*REQUIRED ACTION*: Only some lines are wanted: please transcribe exactly those from the one containing "re-finished in chrome-plate" through the end of the data, pictures excluded.

DATA SHOWN: Begin

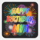 Sticker Carré Prénom "MYA", Amusant "HEUREUX ANNIVERSAIRE"
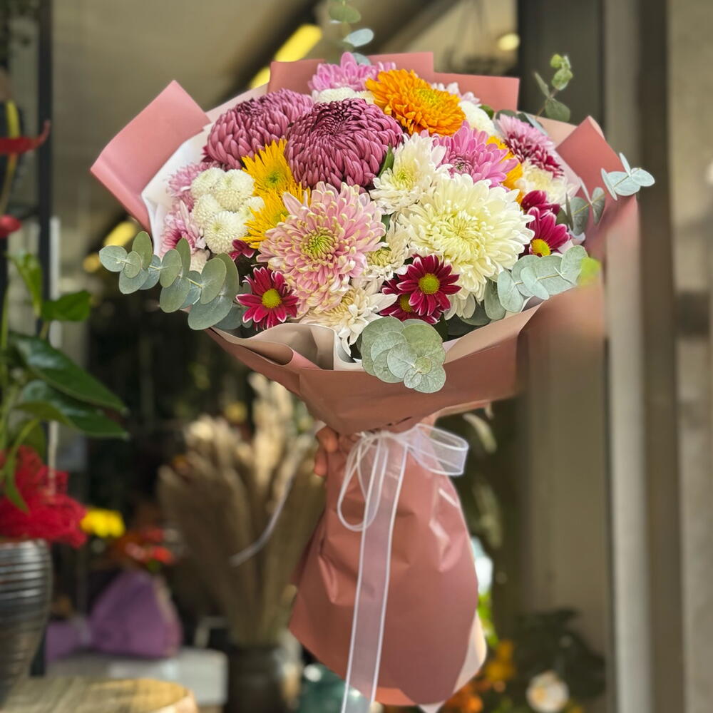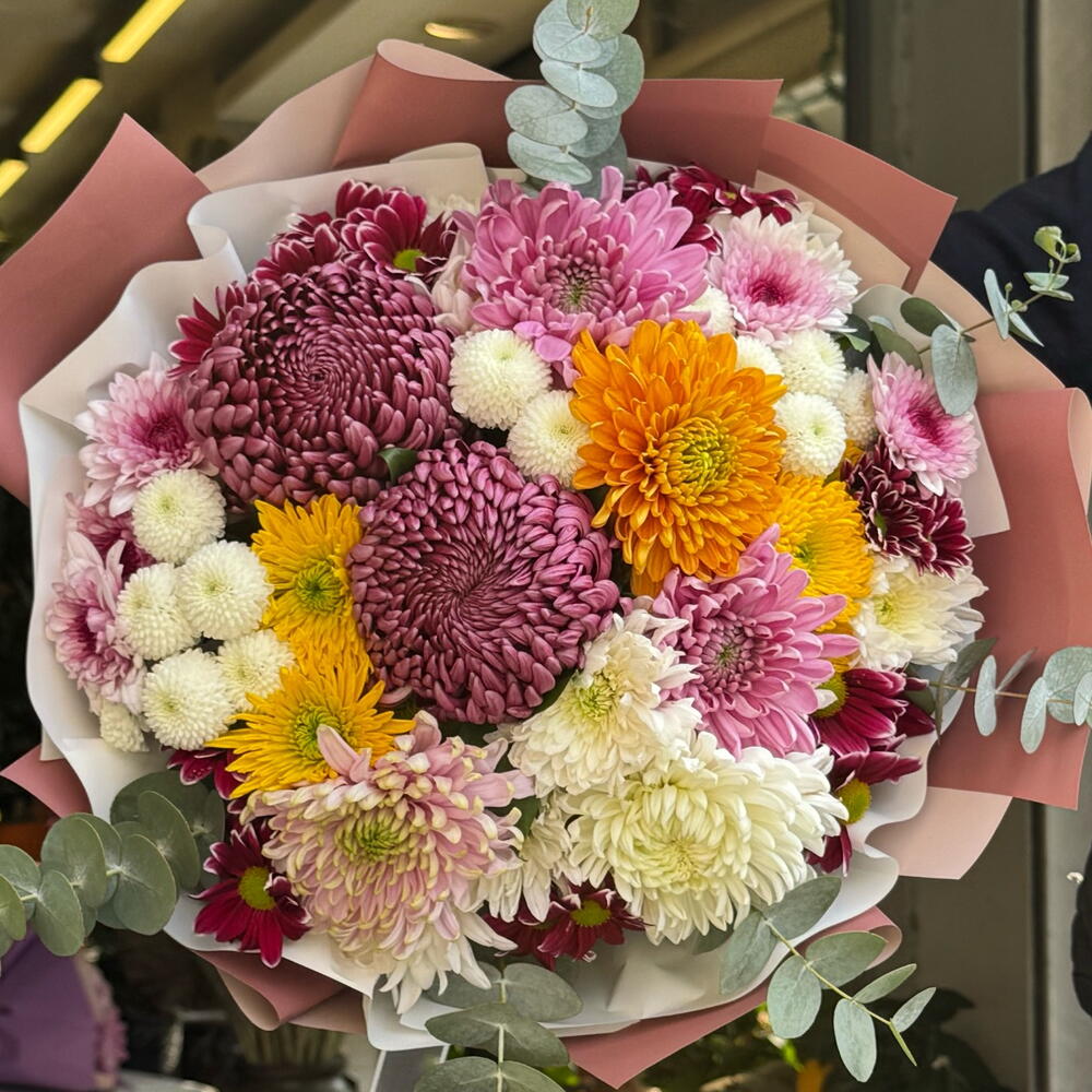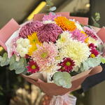 Красочный букет касымпаты и хризантем, созданный с современными акцентами, своими энергичными красками придаёт жилым пространствам свежесть и динамизм. Благодаря минималистичному и изящному внешнему виду он является отличным подарком для любителей как классического, так и современного стиля. Этот дизайн, подготовленный из тщательно отобранных свежих цветов, сочетает в себе любовь, радость и позитивную энергию. Идеальный выбор, чтобы украсить ваш день или добавить красок вашим близким.
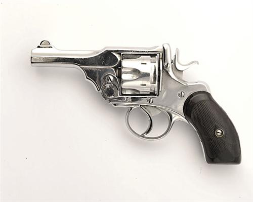 * A .38 (S&W) SIX-SHOT DOUBLE-ACTION POCKET REVOLVER SIGNED 'P. WEBLEY & SON', MODEL 'MKIII POCKET', serial no. 2837, circa 1900, with 3in. barrel, fluted cylinder, frame-mounted firing-pin, hard-rubber chequered grips, the whole re-finished in chrome-plate
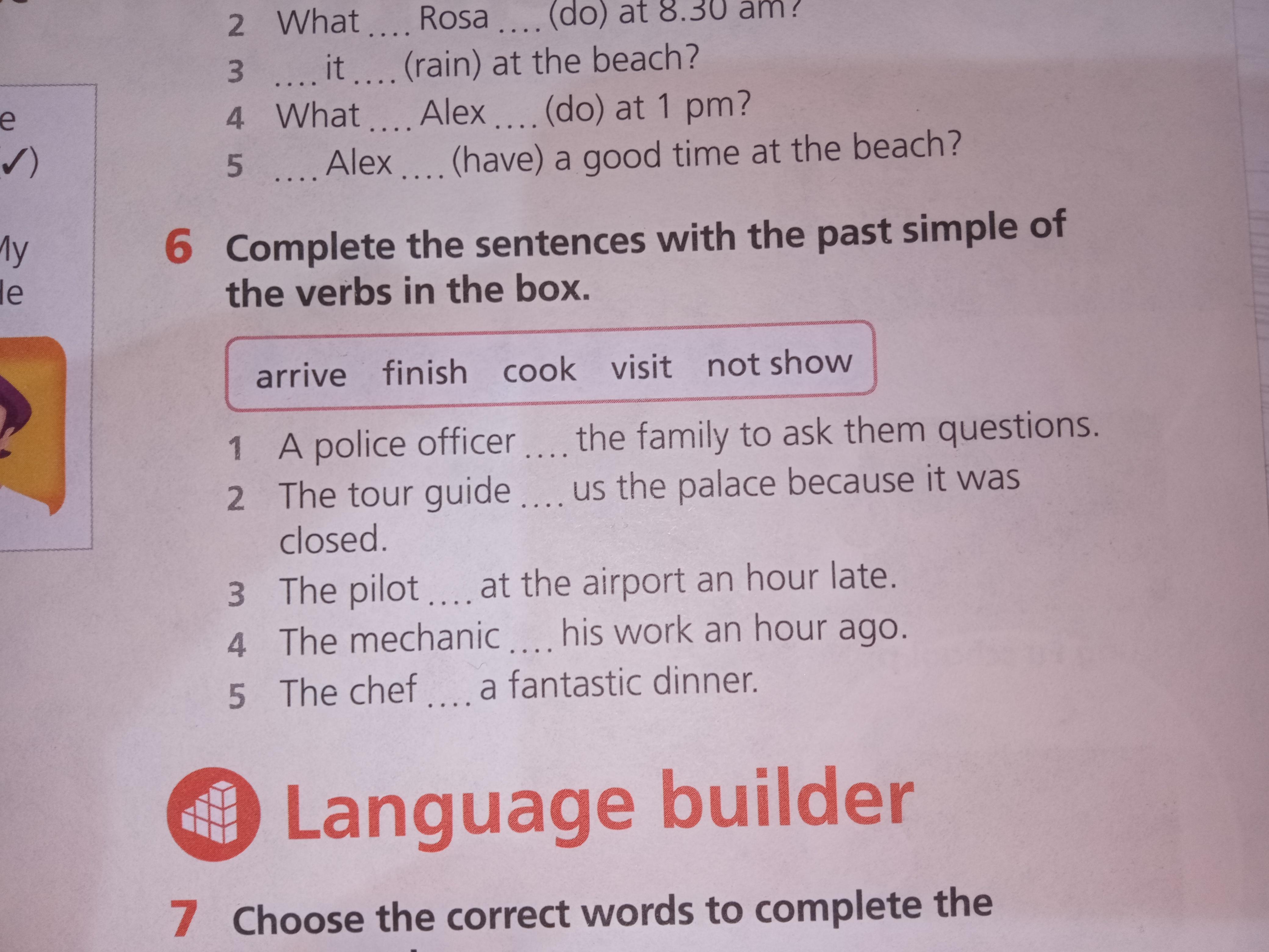 1.visit 2. not show 3.arrive 4.finish 5.cook

DATA SHOWN: End

*TASK ANSWER*:
 * A .38 (S&W) SIX-SHOT DOUBLE-ACTION POCKET REVOLVER SIGNED 'P. WEBLEY & SON', MODEL 'MKIII POCKET', serial no. 2837, circa 1900, with 3in. barrel, fluted cylinder, frame-mounted firing-pin, hard-rubber chequered grips, the whole re-finished in chrome-plate
 1.visit 2. not show 3.arrive 4.finish 5.cook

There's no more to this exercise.